SUPPLIED MATERIAL →

◇ ◇ ◇ ◇ ◇ ◇ ◇

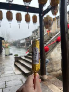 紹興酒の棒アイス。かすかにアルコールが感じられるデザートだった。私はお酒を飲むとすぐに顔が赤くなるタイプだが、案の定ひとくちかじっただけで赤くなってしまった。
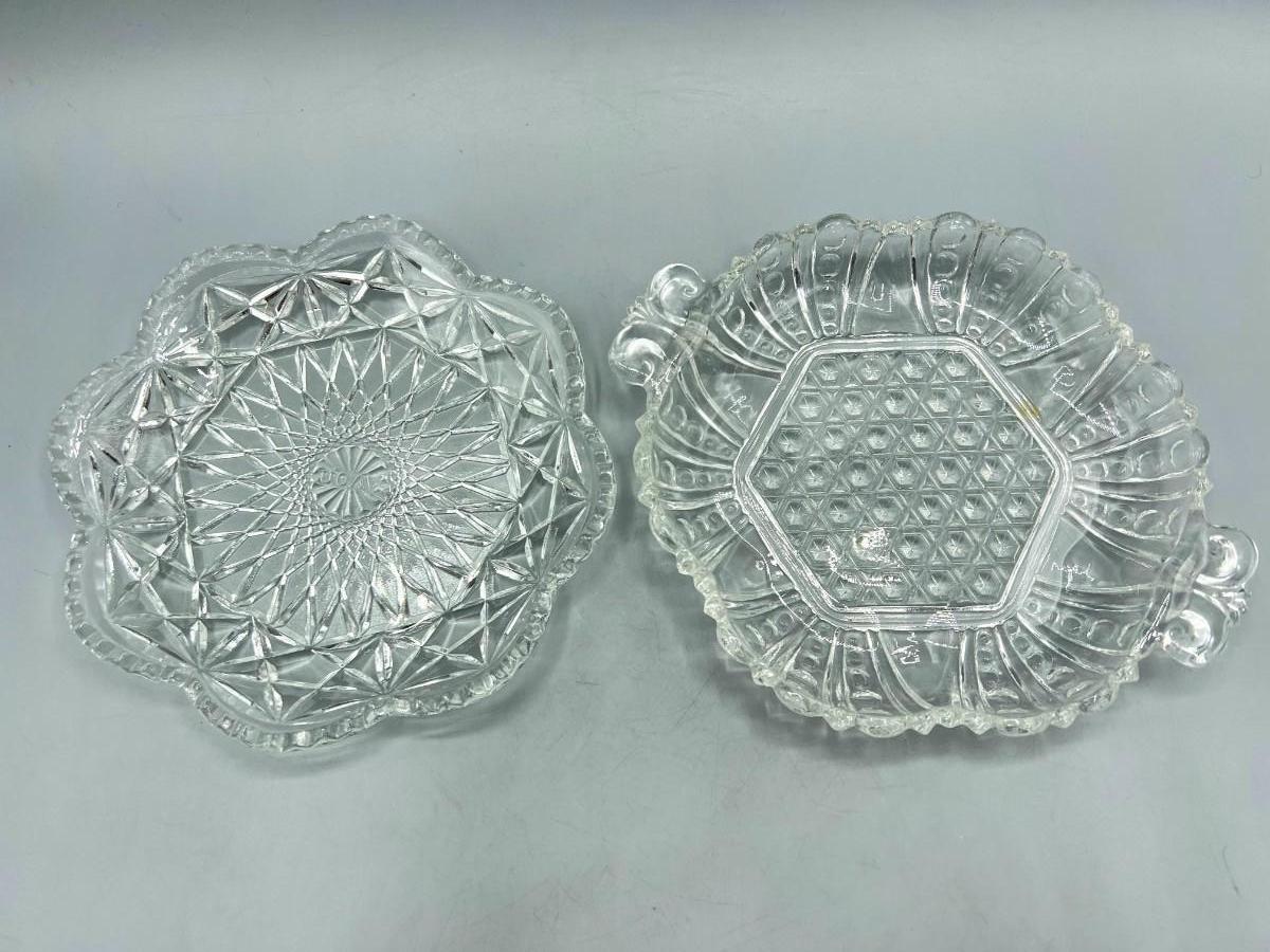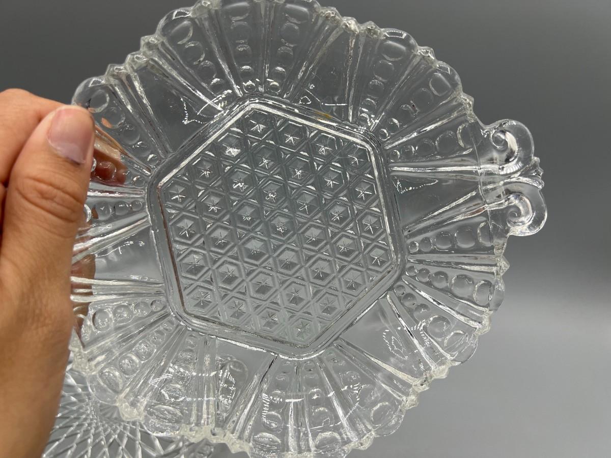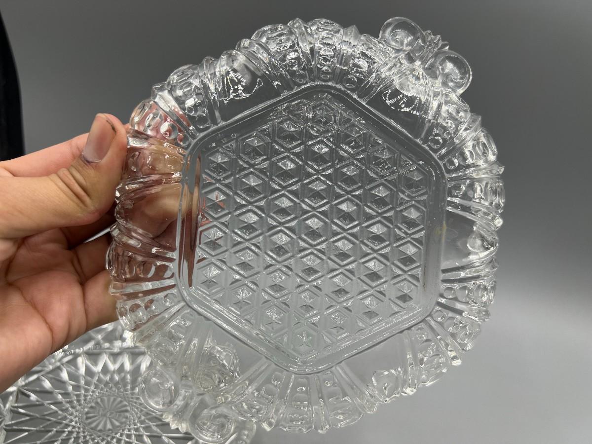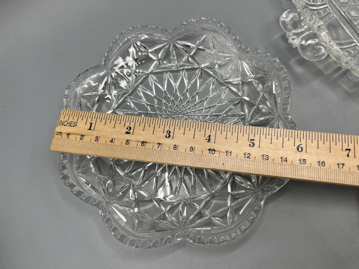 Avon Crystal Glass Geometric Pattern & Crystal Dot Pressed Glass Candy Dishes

◇ ◇ ◇ ◇ ◇ ◇ ◇

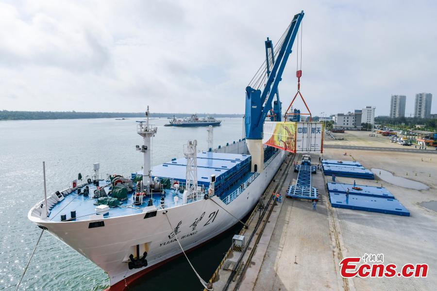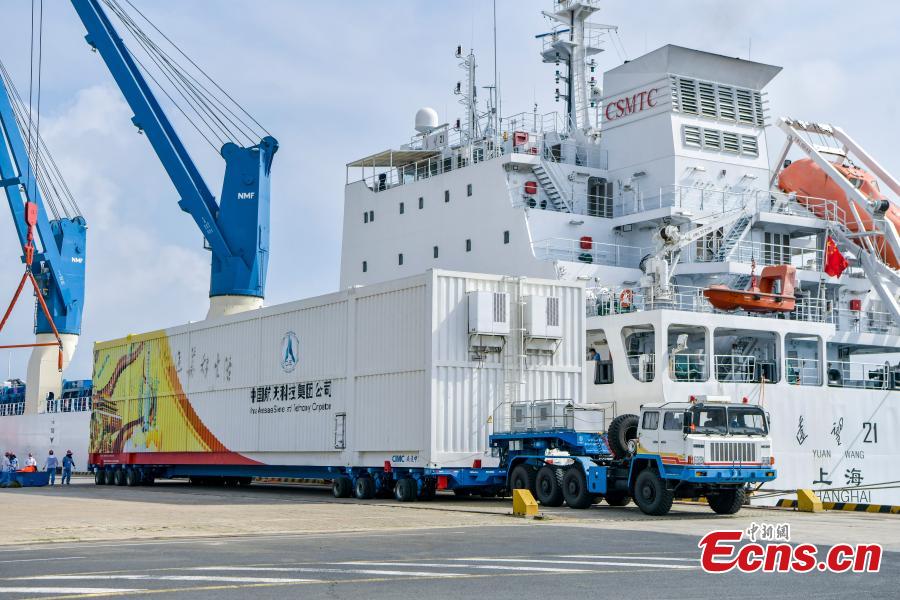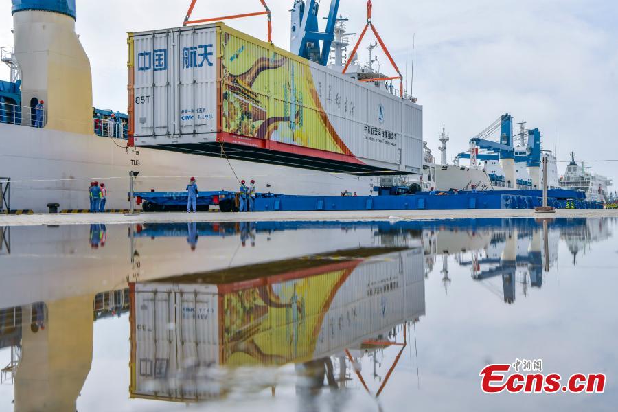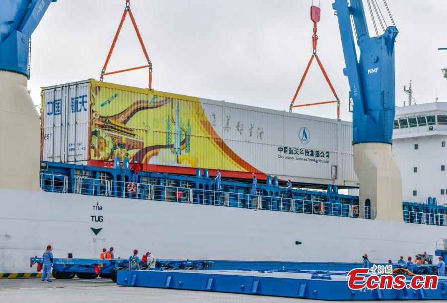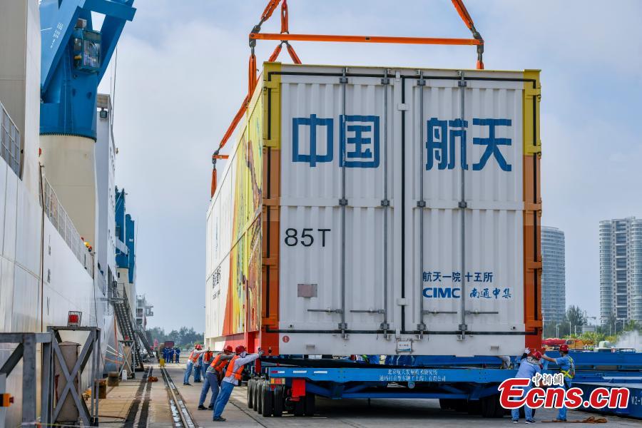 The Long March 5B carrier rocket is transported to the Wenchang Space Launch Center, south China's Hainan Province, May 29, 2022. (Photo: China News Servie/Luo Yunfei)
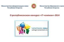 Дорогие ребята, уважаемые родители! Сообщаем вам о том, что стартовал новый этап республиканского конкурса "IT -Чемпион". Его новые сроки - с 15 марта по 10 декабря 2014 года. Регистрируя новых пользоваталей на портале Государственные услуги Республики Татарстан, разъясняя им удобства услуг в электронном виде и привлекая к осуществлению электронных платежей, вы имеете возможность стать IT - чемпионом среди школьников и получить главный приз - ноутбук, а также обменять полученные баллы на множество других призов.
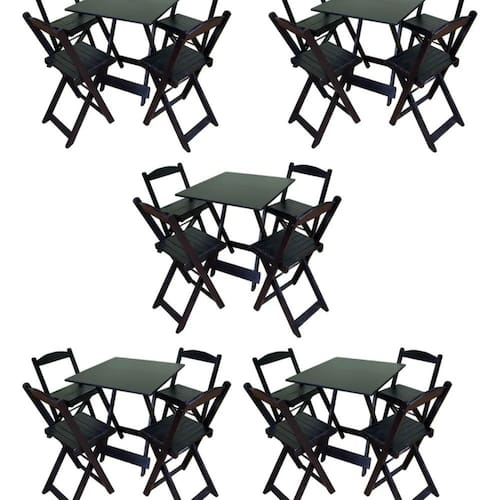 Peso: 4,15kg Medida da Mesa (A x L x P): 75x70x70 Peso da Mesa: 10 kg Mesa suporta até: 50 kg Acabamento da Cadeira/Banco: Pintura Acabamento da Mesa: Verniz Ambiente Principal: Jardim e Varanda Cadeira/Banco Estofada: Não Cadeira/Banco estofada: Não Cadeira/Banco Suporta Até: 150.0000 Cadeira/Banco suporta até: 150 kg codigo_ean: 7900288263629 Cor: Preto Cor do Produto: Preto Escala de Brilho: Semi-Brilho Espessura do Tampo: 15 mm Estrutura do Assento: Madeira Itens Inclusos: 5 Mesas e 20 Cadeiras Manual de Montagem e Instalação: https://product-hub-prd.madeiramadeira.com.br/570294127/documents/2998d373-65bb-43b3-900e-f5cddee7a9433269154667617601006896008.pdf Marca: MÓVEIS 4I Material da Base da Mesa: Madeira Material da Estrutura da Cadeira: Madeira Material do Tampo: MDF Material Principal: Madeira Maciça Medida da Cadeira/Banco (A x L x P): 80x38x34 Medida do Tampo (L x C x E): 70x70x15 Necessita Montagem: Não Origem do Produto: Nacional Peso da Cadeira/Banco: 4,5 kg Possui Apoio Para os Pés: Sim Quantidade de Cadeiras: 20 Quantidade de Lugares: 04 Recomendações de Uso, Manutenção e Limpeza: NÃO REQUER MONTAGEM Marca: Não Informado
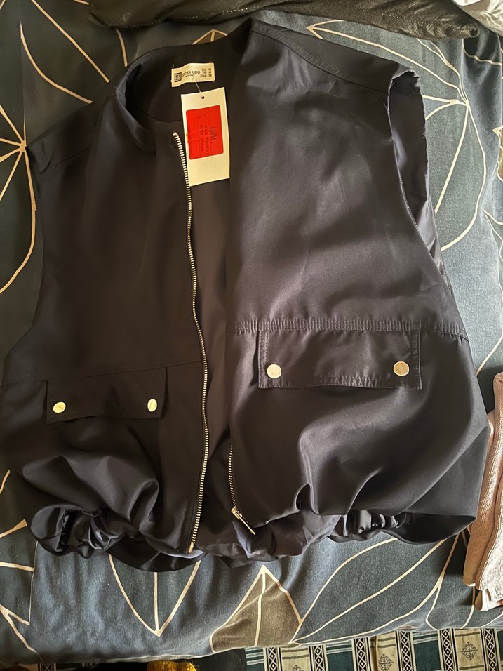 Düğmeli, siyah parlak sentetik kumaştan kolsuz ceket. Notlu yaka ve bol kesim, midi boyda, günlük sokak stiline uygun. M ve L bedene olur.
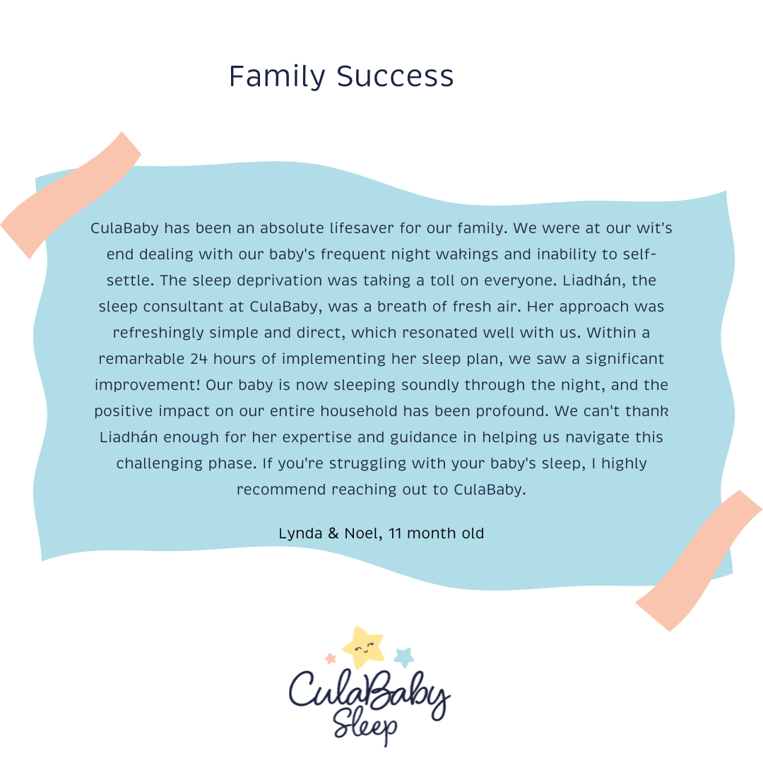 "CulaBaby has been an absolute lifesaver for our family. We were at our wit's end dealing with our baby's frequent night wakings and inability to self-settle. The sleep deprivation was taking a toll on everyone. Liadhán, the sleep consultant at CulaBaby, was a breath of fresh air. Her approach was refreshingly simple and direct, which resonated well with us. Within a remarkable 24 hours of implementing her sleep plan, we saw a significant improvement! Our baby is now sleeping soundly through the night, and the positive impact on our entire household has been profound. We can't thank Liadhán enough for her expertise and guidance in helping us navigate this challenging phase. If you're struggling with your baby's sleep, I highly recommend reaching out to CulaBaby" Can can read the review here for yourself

◇ ◇ ◇ ◇ ◇ ◇ ◇

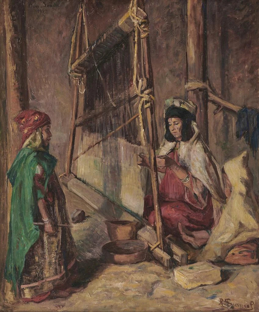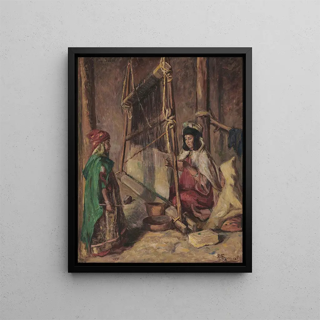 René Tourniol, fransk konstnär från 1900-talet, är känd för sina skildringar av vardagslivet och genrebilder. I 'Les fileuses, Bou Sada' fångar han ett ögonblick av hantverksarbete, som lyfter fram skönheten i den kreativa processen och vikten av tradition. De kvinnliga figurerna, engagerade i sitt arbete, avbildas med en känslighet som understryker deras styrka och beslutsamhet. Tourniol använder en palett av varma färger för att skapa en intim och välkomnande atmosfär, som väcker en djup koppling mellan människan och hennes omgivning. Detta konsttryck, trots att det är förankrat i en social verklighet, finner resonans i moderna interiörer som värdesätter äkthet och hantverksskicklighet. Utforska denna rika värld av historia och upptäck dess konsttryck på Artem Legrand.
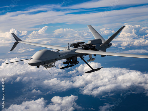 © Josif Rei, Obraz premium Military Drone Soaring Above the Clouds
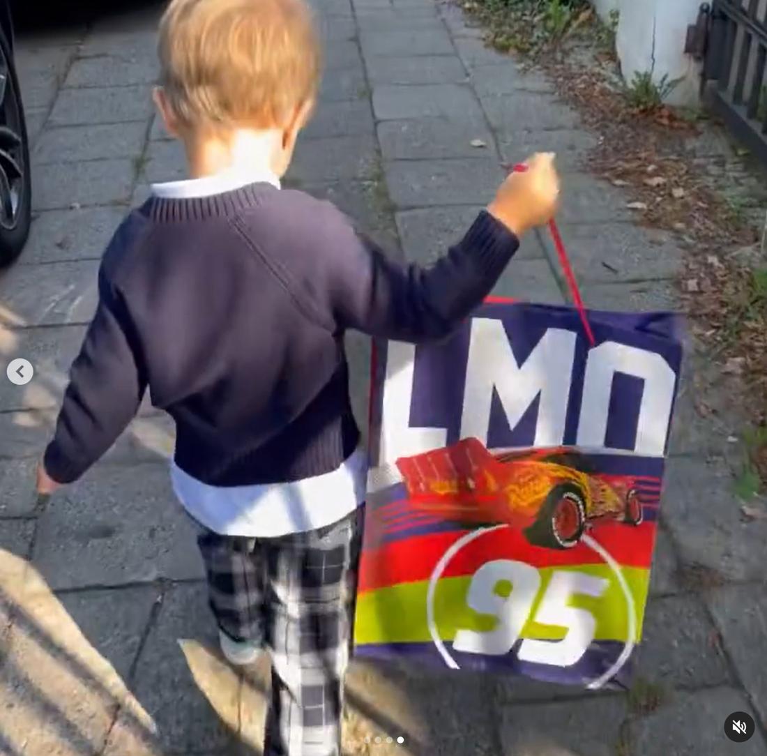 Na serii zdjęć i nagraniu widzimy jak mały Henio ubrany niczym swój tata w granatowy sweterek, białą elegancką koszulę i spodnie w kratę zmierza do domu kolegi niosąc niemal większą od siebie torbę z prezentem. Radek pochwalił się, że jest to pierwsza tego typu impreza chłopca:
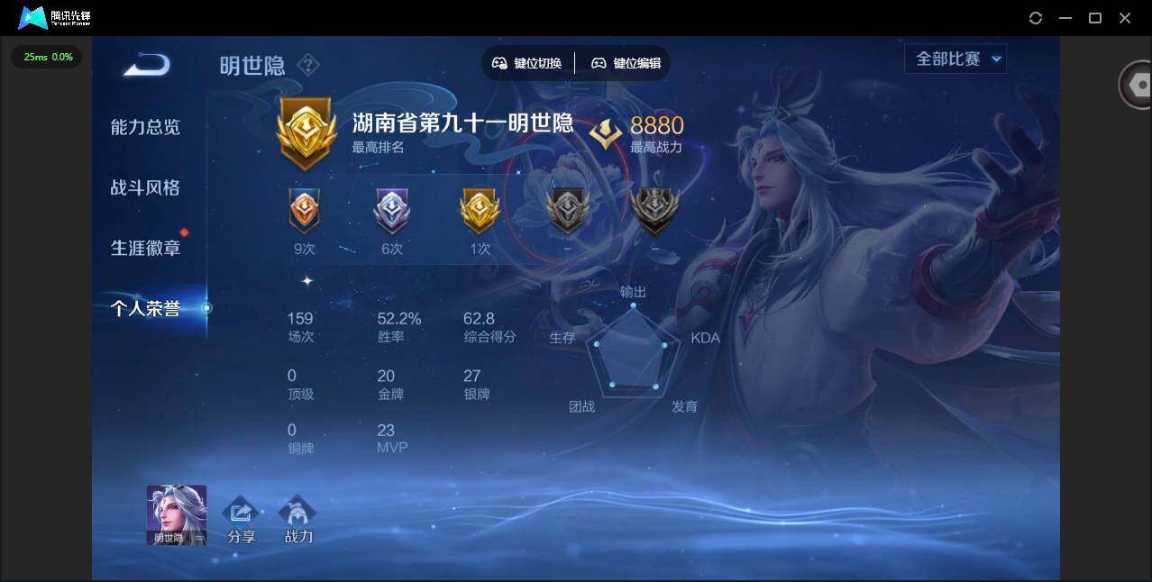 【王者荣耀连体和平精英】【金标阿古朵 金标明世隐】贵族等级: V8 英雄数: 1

◇ ◇ ◇ ◇ ◇ ◇ ◇

ACTIVITY → From the data above, return only the lines starting at the line that holds "René Tourniol, fransk" and ending at the line that holds "金标明世隐】贵族等级: V8 英雄数: 1", word for word and without pictures.

WRITTEN ANSWER →
 René Tourniol, fransk konstnär från 1900-talet, är känd för sina skildringar av vardagslivet och genrebilder. I 'Les fileuses, Bou Sada' fångar han ett ögonblick av hantverksarbete, som lyfter fram skönheten i den kreativa processen och vikten av tradition. De kvinnliga figurerna, engagerade i sitt arbete, avbildas med en känslighet som understryker deras styrka och beslutsamhet. Tourniol använder en palett av varma färger för att skapa en intim och välkomnande atmosfär, som väcker en djup koppling mellan människan och hennes omgivning. Detta konsttryck, trots att det är förankrat i en social verklighet, finner resonans i moderna interiörer som värdesätter äkthet och hantverksskicklighet. Utforska denna rika värld av historia och upptäck dess konsttryck på Artem Legrand.
 © Josif Rei, Obraz premium Military Drone Soaring Above the Clouds
 Na serii zdjęć i nagraniu widzimy jak mały Henio ubrany niczym swój tata w granatowy sweterek, białą elegancką koszulę i spodnie w kratę zmierza do domu kolegi niosąc niemal większą od siebie torbę z prezentem. Radek pochwalił się, że jest to pierwsza tego typu impreza chłopca:
 【王者荣耀连体和平精英】【金标阿古朵 金标明世隐】贵族等级: V8 英雄数: 1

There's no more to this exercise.